The opinion of the court was delivered by: GESELL
This matter is again before the Court on the further applications of St. Elizabeth's Hospital and Mr. Carter that Mr. Carter be released, either unconditionally or conditionally, for maximum security at the Hospital where he is being held, having been found not guilty by reason of insanity. Recent previous proceedings involving Mr. Carter are covered by this Court's Order of January 6, 1975, and the decision of the United States Court of Appeals for the District of Columbia Circuit in No. 75-1110 (July 22, 1975).
A medical staff conference held November 18, 1975, determined that there is no longer a basis for diagnosing Mr. Carter as a sexual sadist and that "the patient is without mental disorder." A copy of the staff report is annexed. The record contains the pertinent St. Elizabeth's file, a voluminous document, and, in addition, the Court had the benefit of the testimony of Dr. Joseph T. Smith, the psychiatrist on the staff of St. Elizabeth's most directly responsible for the present diagnosis and recent care of Mr. Carter. Dr. Smith altered his prior testimony somewhat because of two circumstances: first, a more scientifically grounded determination that Mr. Carter does not suffer from any organic brain damage; and, second, Mr. Carter's new unsworn acknowledgement that he made up his insanity defense out of whole cloth from the outset.
Based on the entire record the Court is satisfied that no basis exists for continuing Mr. Carter as a patient at St. Elizabeth's. Although Mr. Carter apparently bamboozled the U.S. Attorney and St. Elizabeth's, the proof as a whole establishes he is without mental disorder. The present state of Mr. Carter's health controls. Dixon v. Jacobs, 138 U.S.App.D.C. 319, 427 F.2d 589 (1970).

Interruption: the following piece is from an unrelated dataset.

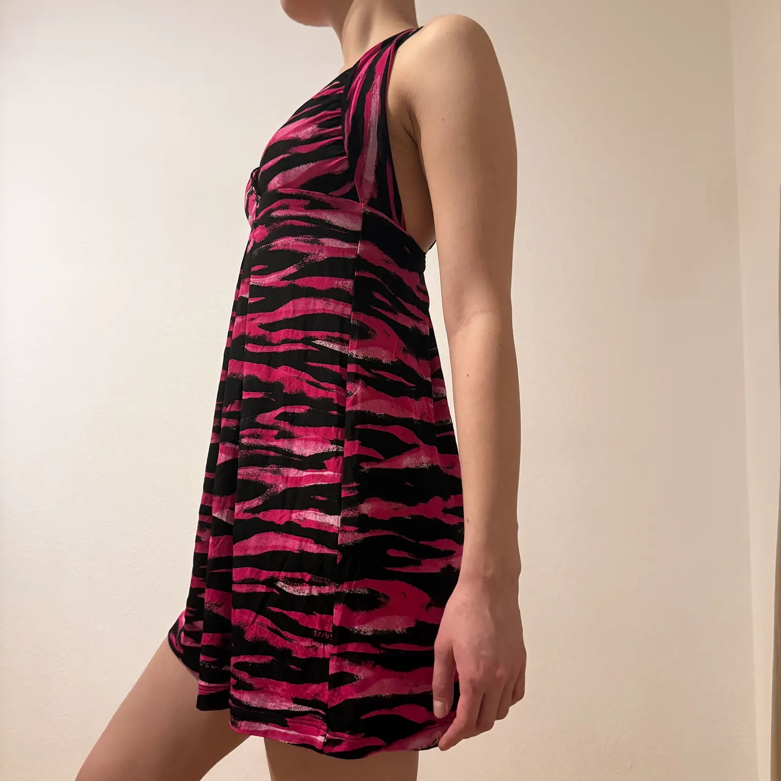 DESCRIPTION: Iconic Miss Sixty mini dress in bold pink and black tiger print. Features a halter tie neck, open back, and soft, slightly shiny stretch fabric that drapes beautifully. A statement early-2000s piece — perfect for night outs, festivals, or channeling pure Y2K energy with knee-high boots and chunky jewelry.

Obviously the appropriate thing to do would be to set aside the not guilty finding and prosecute for the underlying offense. It is apparent, however, that the finding of not guilty by reason of insanity cannot be reopened or re-examined. Kepner v. United States, 195 U.S. 100, 24 S. Ct. 797, 49 L. Ed. 114 (1904); Fong Foo v. United States, 369 U.S. 141, 82 S. Ct. 671, 7 L. Ed. 2d 629 (1962); Illinois v. Somerville, 410 U.S. 458, 93 S. Ct. 1066, 35 L. Ed. 2d 425 (1973).

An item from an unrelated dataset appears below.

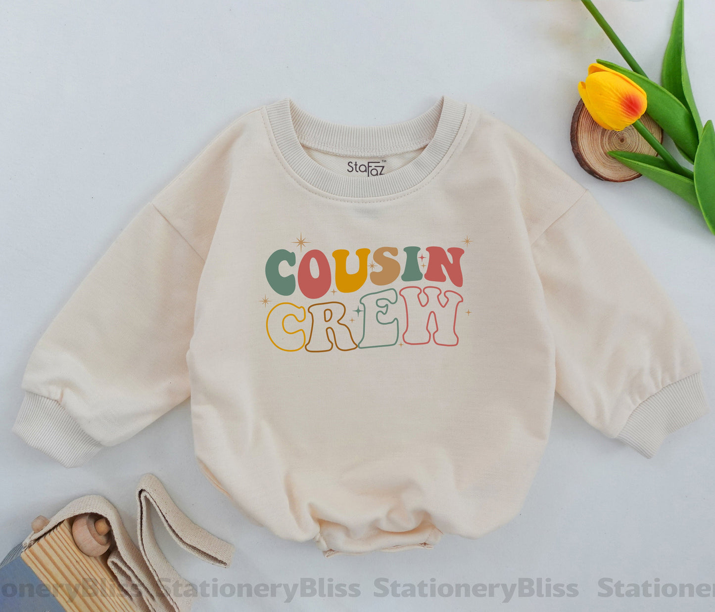 STAFAZ Boho Retro Cousin Crew Romper Natural Infant Baby Sweatshirt Outfit Gender Neutral Tee Cousin Crew Gift

A prodigious judicial effort has been devoted to the "insanity defense" in criminal cases over the last two decades, particularly in this jurisdiction. Trial judges, although never consulted in the fashioning of the changing rules, have sought to apply these rules with care and the U.S. Attorney has been responsibly attempting to make them work. A basic underlying difficulty continues to be the lack of adequate medical knowledge properly to diagnose mental illness. Very little is really known about the human mind. Doctors are obliged to reach conclusions on unconfirmed theories and facts largely obtained from the offender who can withhold or concoct data at will. Conscious of a need for greater certainty, physicians and psychologists attempt to categorize mental illnesses under constantly changing, elusive definitions. Examining experts frequently disagree. The composite attitude of the St. Elizabeth's staff itself changes, not only as theories and definitions change but because differing conclusions are reached as new staff members are added to the staff which constantly turns over. Yet, in the nature of things, judges are unable to take any action except on the advice of these experts, even though the judge recognizes that that advice in the present state of knowledge is necessarily volatile and inexact.
As long as the present system obtains, the courts must exercise their responsibility in reliance upon inadequate medical advice, and thus it will unfortunately continue to be impossible to assure adequate protection of the public which, in the end, should be a primary concern.
Mr. Carter shall forthwith be unconditionally released from St. Elizabeth's Hospital.